There are two main forms of lupus:
• discoid lupus, which only affects your skin
• systemic lupus erythematosus (SLE), which affects your skin and joints and often also involves your internal organs including your heart or kidney


This section only deals with the systemic type of lupus.

Lupus occurs when your immune system attacks your body’s own tissues. It can cause inflammation in many different parts of your body, though most people will only have a few of the possible symptoms.
Systemic lupus erythematosus (SLE), often known just as lupus, is an autoimmune disease where your immune system produces antibodies that attack your body’s own tissues, causing inflammation.
Lupus usually affects your skin and joints, but it may also involve your heart or kidneys, when the effects can be severe. SLE isn’t the same as discoid lupus, which only affects the skin.

What are the symptoms of lupus?
Symptoms can include
• joint pain
• a skin rash
• extreme tiredness (fatigue)
• fever
• weight loss
• headaches
• mouth ulcers
• hair loss
• swelling of lymph glands
• your fingers or toes changing color in cold conditions (Raynaud’s phenomenon)
Lupus can affect many different parts of your body. If your heart, brain or kidneys are affected, it can be much more serious, but most people will only have one or a few of the following symptoms. Many people will find that the symptoms come and go.

Skin and mouth
• a rash over parts of your body that are exposed to the sun – a butterfly-shaped rash over your cheeks and the bridge of your nose is especially common
• your fingers changing color in cold weather, going first very pale, then blue and finally red – this is called Raynaud’s phenomenon
• groups of mouth ulcers, which may come back repeatedly
• Sjögren’s syndrome – this affects around 1 in 8 people with lupus and causes a dry mouth and eyes

Some hair loss is common and can be severe, but once a flare-up is under control your hair will usually grow back.

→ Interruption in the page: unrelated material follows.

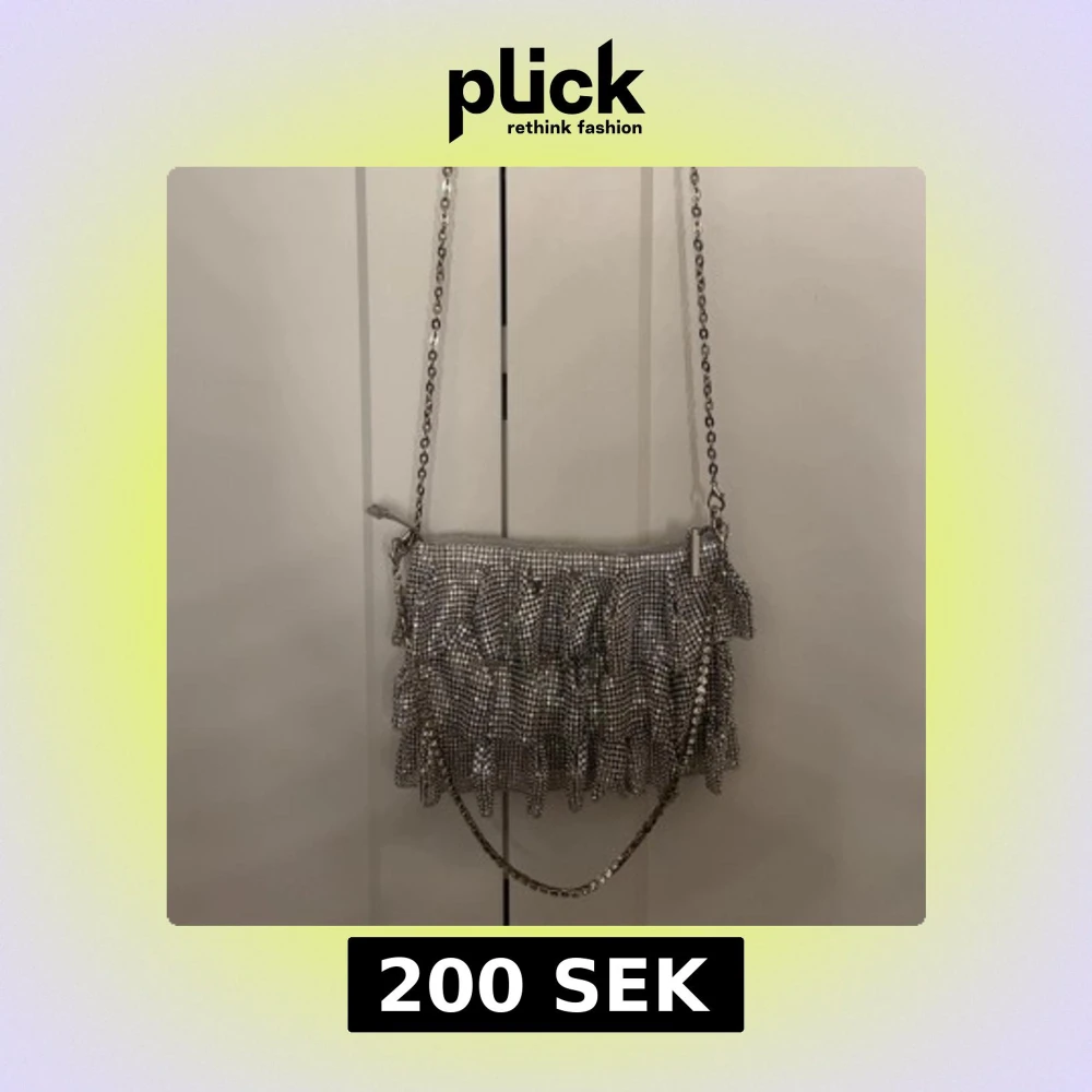 Silvrig väska med små diamant detaljer. Väskan har inga täcken på användning och är som ny. Bredd: 5 cm. Djup: 17 cm. Längd: 22 cm.💗

Joint pain is common, especially in the small joints of your hands and feet. The pain tends to move from joint to joint and is often described as flitting. Lupus doesn’t usually cause joints to become permanently damaged or deformed. About 1 in 20 people with lupus develop more severe joint problems. Fewer than 1 in 20 have hypermobile joints or a form of arthritis called Jaccoud’s arthropathy, which can change the shape of your joints.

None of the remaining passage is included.